In Dianetics: MSMH, in an introductory chapter, Hubbard seeks to frighten the reader away from orthodox medical treatment by the following extravagant passage: -

"According to a modern writer, the single advance of psycho-therapy was clean quarters for the madman. In terms of brutality in treatment of the insane, the methods of the shaman or Bedlam have been exceeded by the 'civilized' techniques of destroying nerve tissue with the violence of shock and surgery, treatments which were not warranted by the results obtained and which would not have been tolerated in the meanest primitive society, since they reduce the victim to mere zombyism, destroying most of his personality and ambition and leaving him nothing more than a manageable animal. Far from an indictment of the practices of the 'neuro-surgeon' and the ice-pick which he thrusts and twists into insane minds, they are brought forth only to demonstrate the depths of desperation man can reach when confronted with the seemingly unsolvable problem of deranged minds."
The following passages from a later chapter in the same book are in similar vein:
"The auditor should be extremely cautious, at least for the next twenty years, about any case which has been institutionalised, for he may be getting a case with iatrogenic psychosis - caused by doctors - in addition to the patient's other engrams. Dianetics may help a mind a little in which the brain had been 'ice-picked' or 'apple-cored', but it cannot cure such insanity until some clever biologist finds a way to grow a new brain. Electric shock cases are equivocal: they may or may not respond to treatment, for brain tissue may have been burned away to a point where the brain cannot function normally."

"The 'tests' and 'experiments' with human brain vivisection in institutions are not, unfortunately, valid, For all the pain and trouble and destruction caused by these 'experiments,' they were done without a proper knowledge of aberration and mental derangement."

"Then one day, since this is one engram among many, the mental hospital gets our patient and the doctors there decide that all he needs is a good solid series of electric shocks to tear his brain up, and if that doesn't work, a nice ice-pick into each eyeball after and during electric shock, the ice-pick sweeping a wide arc to tear the analytical mind to pieces. The wife agrees. Our patient can't defend himself: he's insane and the insane have no rights, you know."

In Dianetics: The Evolution of a Science, Hubbard writes: "Pre-frontal lobotomy is such certain and complete mind-murder that one cannot be certain thereafter of anything in the patient except Zombie-ism." An almost identical sentence appears in Scientology: The Evolution of a Science.

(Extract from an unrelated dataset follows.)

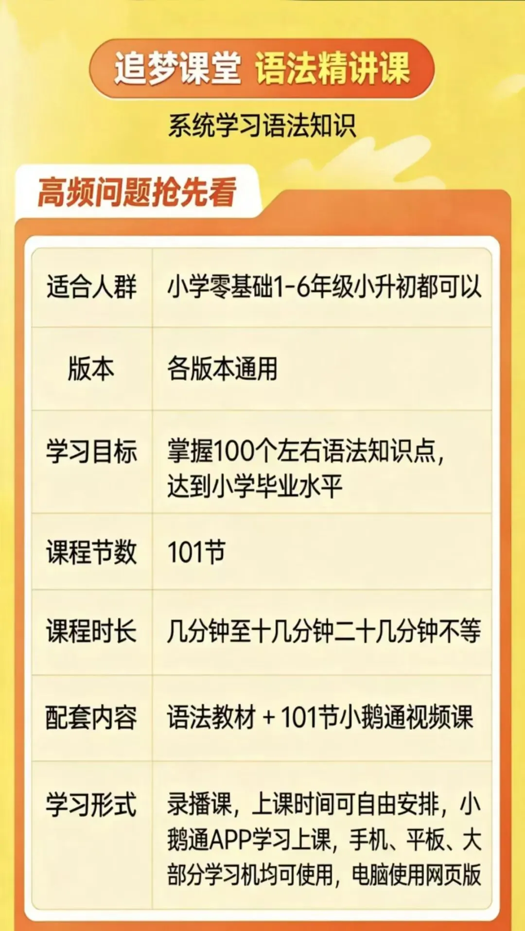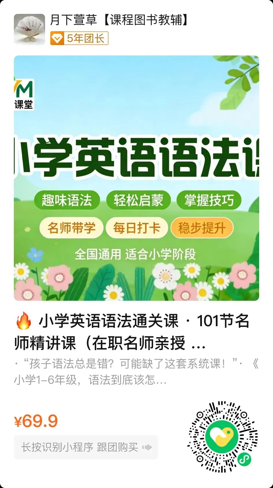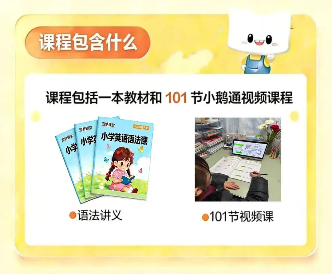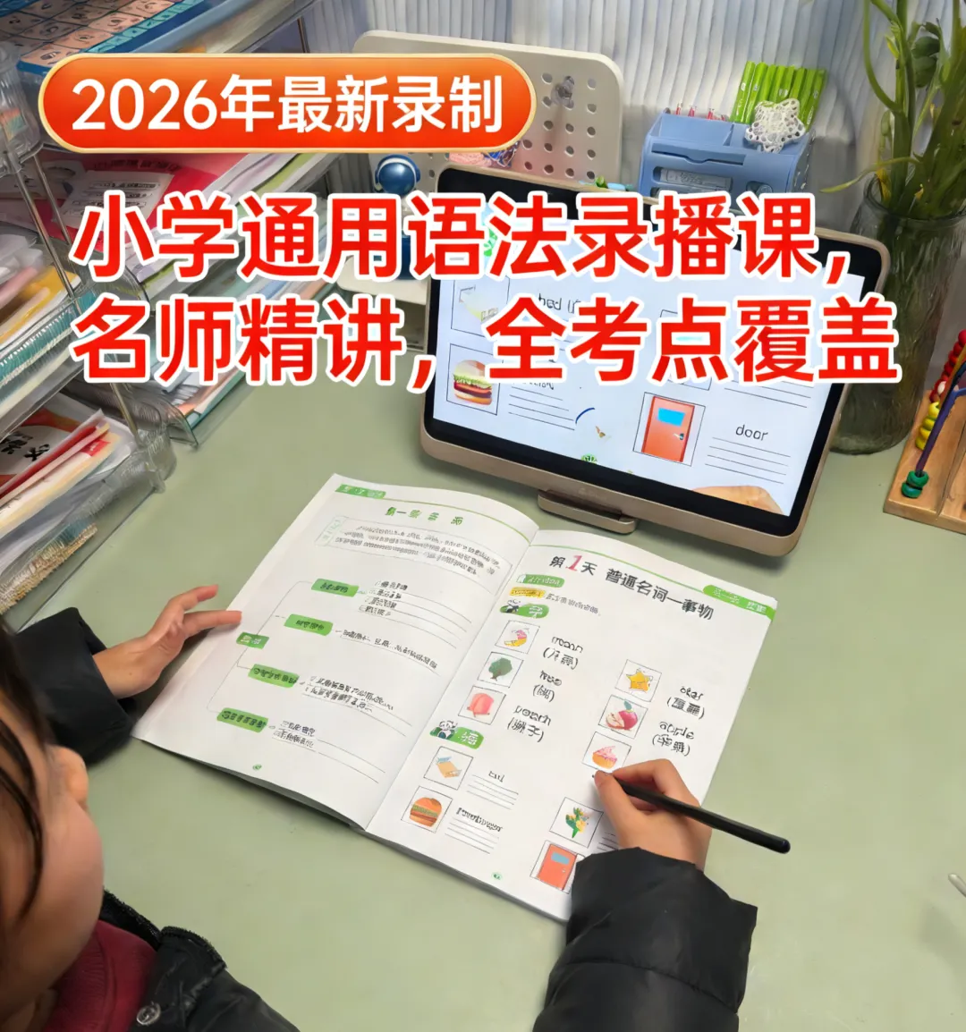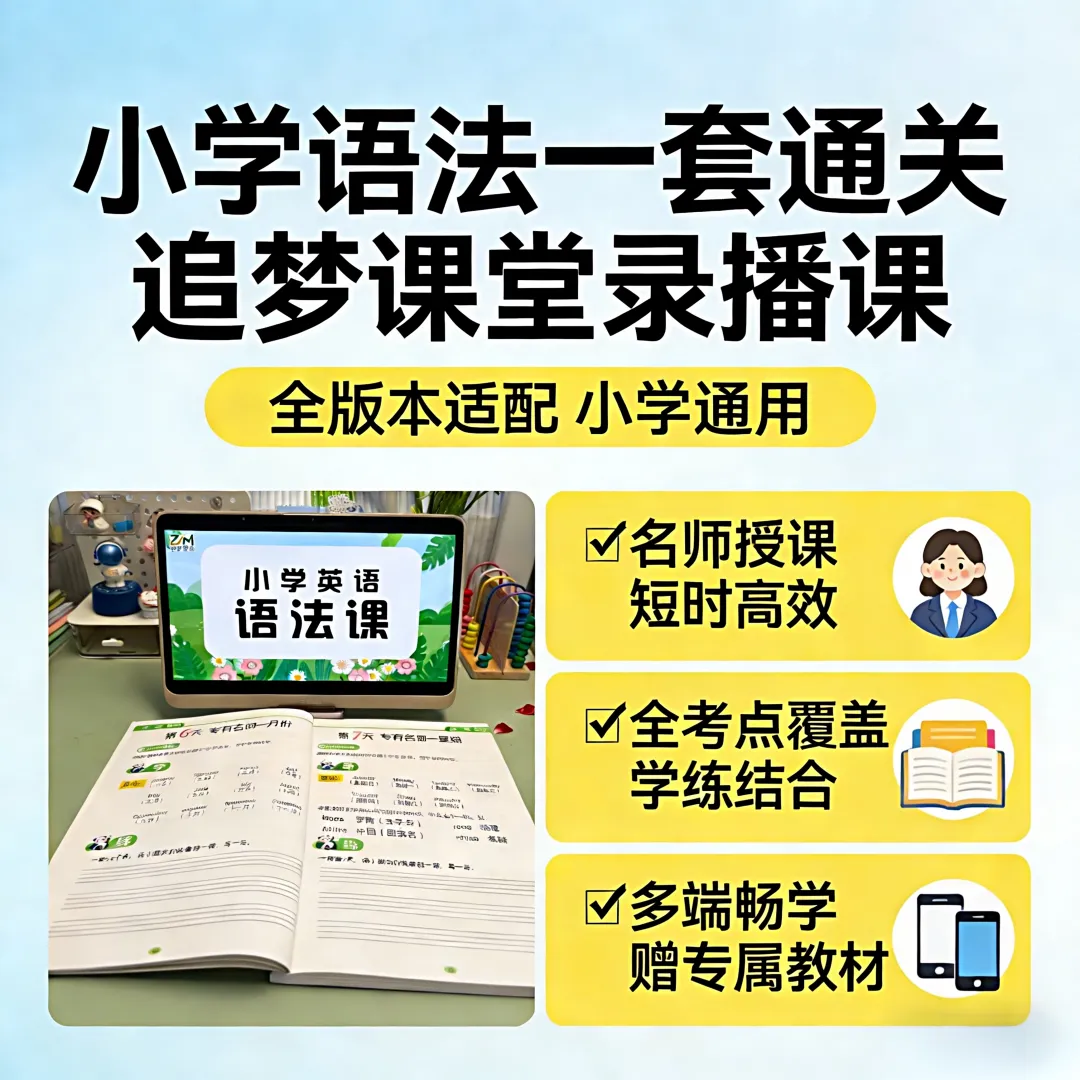 🔥 小学英语语法通关课 · 101节名师精讲课(在职名师亲授 ·+配套实体教材 )原价128元首发特价🉐69.9元✅ 名师精准教学:一线在职老师录制,紧扣校内考点与易错点,直击考试。✅ 体系完整高效:101节课系统覆盖小学1-6年级核心语法,一套课夯实基础,助力拔高。✅ 学练闭环扎实:每节课均匹配纸质教材习题,看完即练,巩固效果。✅ 录播课反复观看,永久有效,随时预习复习!

In Science of Survival, Hubbard writes:

"In treating psychotics, always remember that one is working with minimal theta present and maximal entheta .... No mixture of Dianetics with old treatments or practices of any kind are recommended to the auditor. Electric shock has been known to lay a severe engram into an already overcrowded reactive mind and is not successful in any way, other than making a few patients so apathetic that they are barely acceptable to society. Psycho-surgery, removing pieces of the brain, has long been acknowledged an entire failure so far as any actual 'cure' is concerned. Electric shock and psycho-surgery may alter the behaviour pattern of the individual and may suppress him into some tractable condition, but the result is inevitably harmful to the ability, efficiency and general worth of the subject, with the further detraction that they cause damage to the brain from which the individual never completely recovers.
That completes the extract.